**Task objective:** Repeat only what runs from the line with "Meanwhile, GBP/USD closed" through the last line of the data below, both included, keeping every word as it is and leaving out the pictures.

**Recorded data:**
□ □ □ □ □ □ □

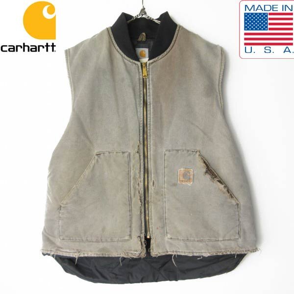 > 2000年製 USA製 carhartt カーハート ダック ベスト XL程度 腰ゴム ダメージ フェードカラー 00s アメリカ製 ビンテージ D152-05-0006ZVW
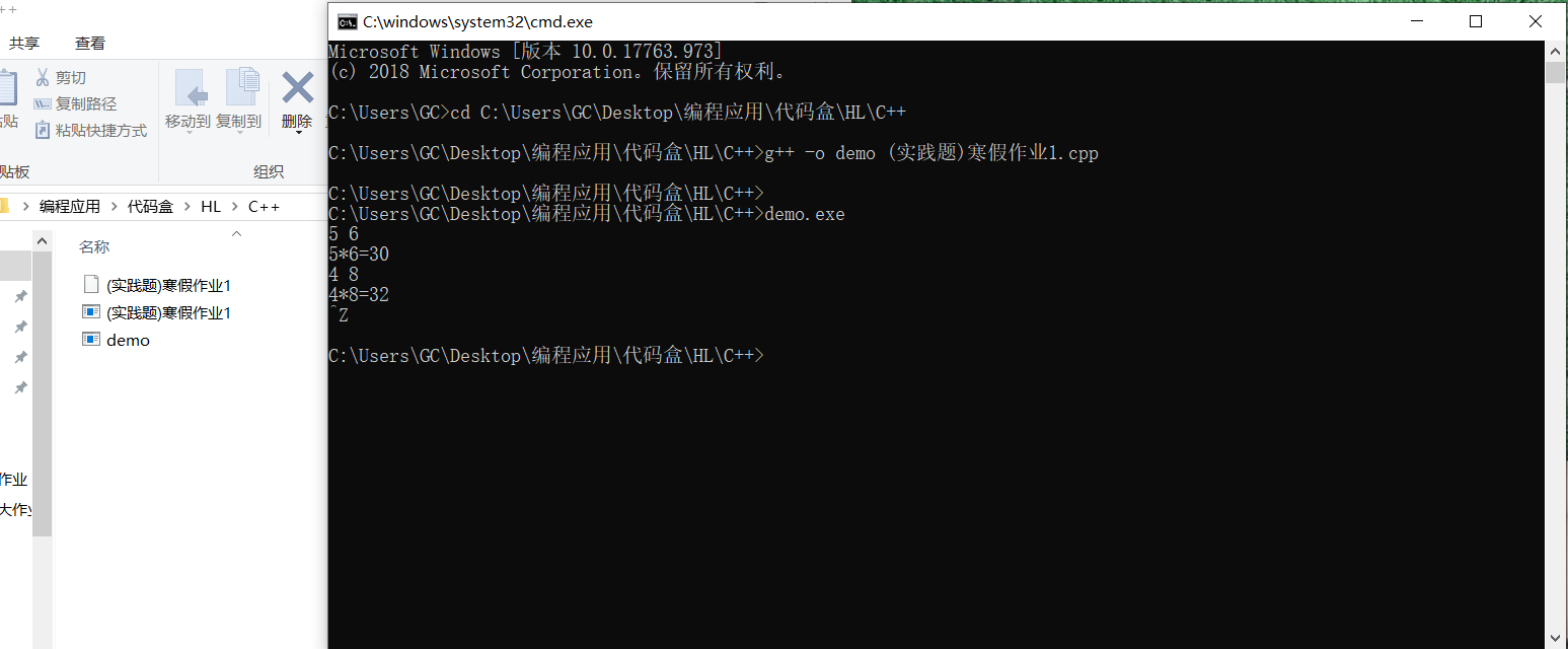 win+r 输入cmd进入命令台,输入cd+C:\Users\GC\Desktop\编程应用\代码盒\HL\C++进入对应cpp目录后输入g++ -o demo (实践题)寒假作业1.cpp 编译名称为demo.exe的文件后输入demo.cpp运行代码
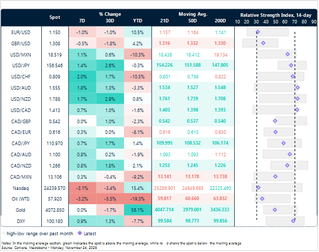 Meanwhile, GBP/USD closed the week ~0.5% lower. Among the majors, the dollar is the one sterling still has the most “catching up” in terms of further depreciation, with the pair remaining 4.6% higher year to date. Yet a bearish setup is gradually taking shape: GBP/USD has only recently slipped below the 200‑day moving average, with the 21‑day crossing beneath the 200‑day, and the 50‑ and 100‑day averages close to following. The Budget could well reinforce this bearish momentum.
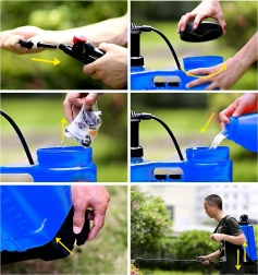 Nastavljivi ramenski trakovi porazdelijo težo, zaskočno sprožilo pa omogoča neprekinjeno škropljenje brez utrujenosti roke.

□ □ □ □ □ □ □

**Expected answer:**
 Meanwhile, GBP/USD closed the week ~0.5% lower. Among the majors, the dollar is the one sterling still has the most “catching up” in terms of further depreciation, with the pair remaining 4.6% higher year to date. Yet a bearish setup is gradually taking shape: GBP/USD has only recently slipped below the 200‑day moving average, with the 21‑day crossing beneath the 200‑day, and the 50‑ and 100‑day averages close to following. The Budget could well reinforce this bearish momentum.
 Nastavljivi ramenski trakovi porazdelijo težo, zaskočno sprožilo pa omogoča neprekinjeno škropljenje brez utrujenosti roke.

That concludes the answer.